# Video: Volumes by Slicing

In this video, we will learn how to use integration to find the volume of a solid with a variable cross section.

15:59

### Video Transcript

In this lesson, we’ll learn how to use integration to find the volume of a solid with a variable cross section. We’ll use what’s called a slicing method and begin by reminding ourselves of some of the ideas we’ll need to use. We’ll then discuss how and in what circumstances the method is used. And then, we’ll look at some examples.

We know that area is a measure of the space covered by a two-dimensional shape or region. For example, for a rectangle with side lengths 𝑎 and 𝑏, the area is 𝑎 times 𝑏. For a circle with radius 𝑟, the area is 𝜋𝑟 squared. And for a trapezoid with side lengths 𝑎 and 𝑏 and height ℎ, the area is ℎ over two times 𝑎 plus 𝑏. And remember that area is measured in units squared.

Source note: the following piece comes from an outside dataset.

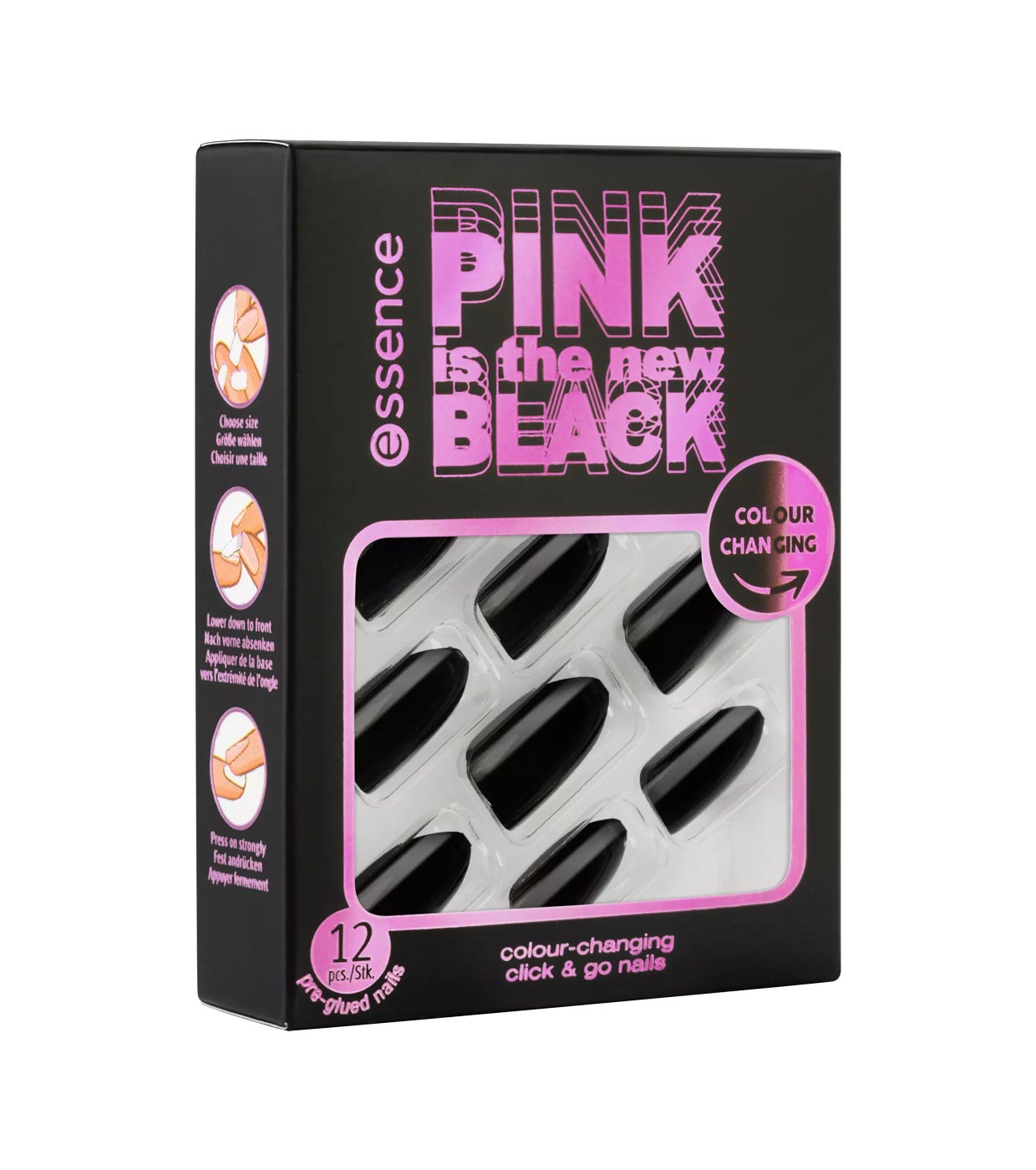 Uñas Click & Go que cambian de color PINK is the new BLACK de essence.
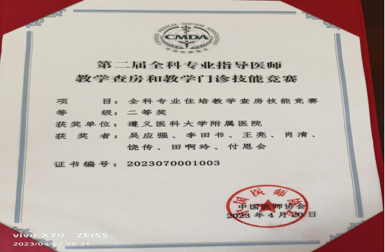开幕式上,第二届全科专业指导医师教学查房和教学门诊技能竞赛颁奖仪式隆重举行。本次全科住培指导医师教学查房和教学门诊竞赛分别设一、二、三等奖和鼓励奖共31项,其中一等奖1项,二等奖5项,三等奖9项,鼓励奖16项,beat365附属医院全科专业住培教学查房技能竞赛荣获二等奖。

Volume is a measure we use for the amount of three-dimensional space taken up by a solid. For example, for a cuboid with sides 𝑎, 𝑏, and ℎ, the volume is 𝑎 times 𝑏 times ℎ. For a sphere with radius 𝑟, the volume is four over three 𝜋𝑟 cubed. And for a circular cylinder with radius 𝑟 and height ℎ, the volume is 𝜋𝑟 squared times ℎ. And remember that volume is measured in units cubed.

We know also that if we have two curves 𝑓 of 𝑥 and 𝑔 of 𝑥, and we want to find the area between the two curves for values of 𝑥 between 𝑎 and 𝑏, then the area is the integral between 𝑎 and 𝑏 of 𝑓 of 𝑥 minus 𝑔 of 𝑥 with respect to 𝑥. We’re going to extend this idea and use definite integrals to find volumes of three-dimensional solids.

We do this by slicing the solid into an infinite number of cross sections, using integration to sum the areas of the cross sections or slices. So, for the volume of a three-dimensional shape, the volume is equal to a definite integral of the area of the cross sections with respect to 𝑥. Before we start integrating, however, let’s have a closer look at how this might work geometrically.

Here, we have a cylinder with semicircular ends that are parallel to each other and perpendicular to the sides. The sides are of length ℎ. If we take a cross section from anywhere along ℎ, the area of each cross section is the same. The volume is equal to the cross-sectional area times the length ℎ. This works fine if the area of the cross section is constant, so we have a formula for the area. But if the area of the cross sections of our solid are not constant, we can use the slicing method and a definite integral to calculate the volume. Let’s see how this works.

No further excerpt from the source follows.